====== Exercise data ======

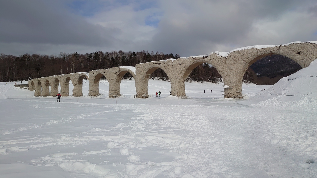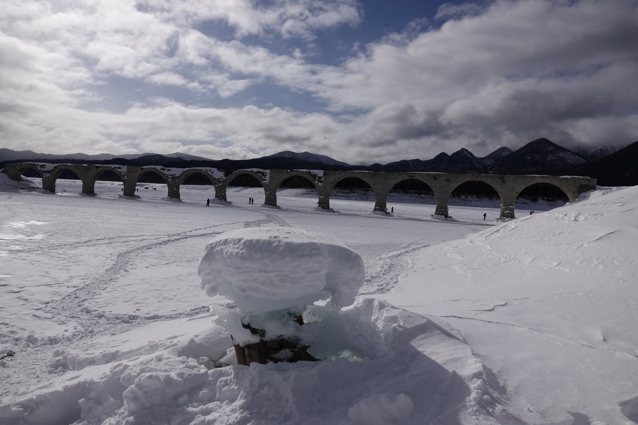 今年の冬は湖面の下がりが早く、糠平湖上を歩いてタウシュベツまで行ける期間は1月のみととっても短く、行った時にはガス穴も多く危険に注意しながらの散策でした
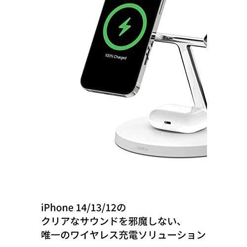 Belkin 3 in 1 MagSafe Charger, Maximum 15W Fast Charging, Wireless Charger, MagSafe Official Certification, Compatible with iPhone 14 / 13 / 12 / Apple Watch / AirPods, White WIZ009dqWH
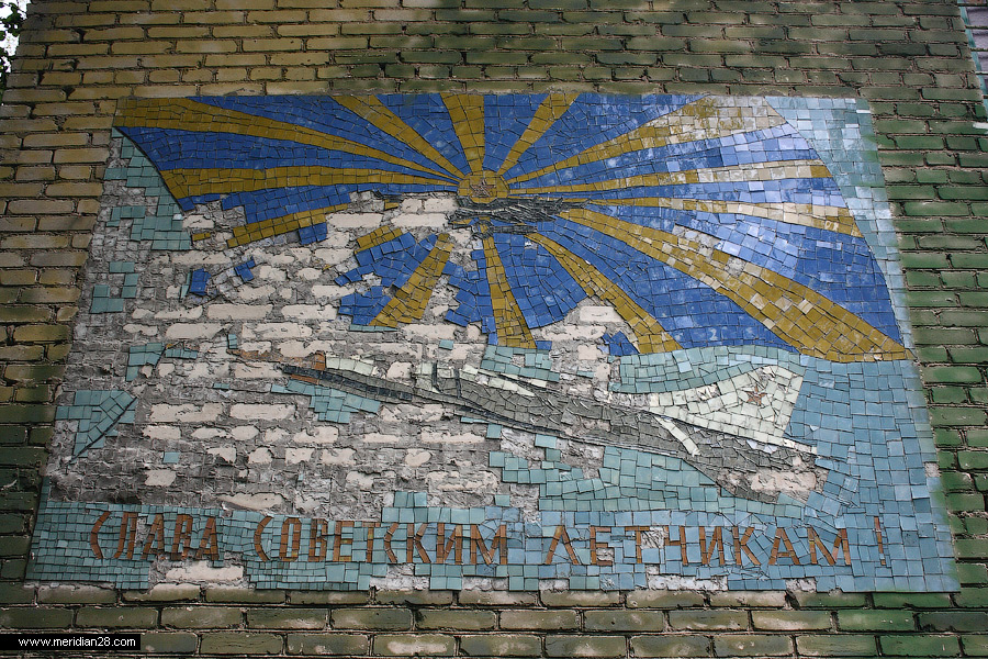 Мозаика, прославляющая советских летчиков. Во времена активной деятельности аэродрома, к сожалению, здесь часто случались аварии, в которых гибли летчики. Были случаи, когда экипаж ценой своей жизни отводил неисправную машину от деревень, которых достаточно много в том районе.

======

## What you should do
Pictures aside, reproduce the listing above exactly.

## Result
 今年の冬は湖面の下がりが早く、糠平湖上を歩いてタウシュベツまで行ける期間は1月のみととっても短く、行った時にはガス穴も多く危険に注意しながらの散策でした
 Belkin 3 in 1 MagSafe Charger, Maximum 15W Fast Charging, Wireless Charger, MagSafe Official Certification, Compatible with iPhone 14 / 13 / 12 / Apple Watch / AirPods, White WIZ009dqWH
 Мозаика, прославляющая советских летчиков. Во времена активной деятельности аэродрома, к сожалению, здесь часто случались аварии, в которых гибли летчики. Были случаи, когда экипаж ценой своей жизни отводил неисправную машину от деревень, которых достаточно много в том районе.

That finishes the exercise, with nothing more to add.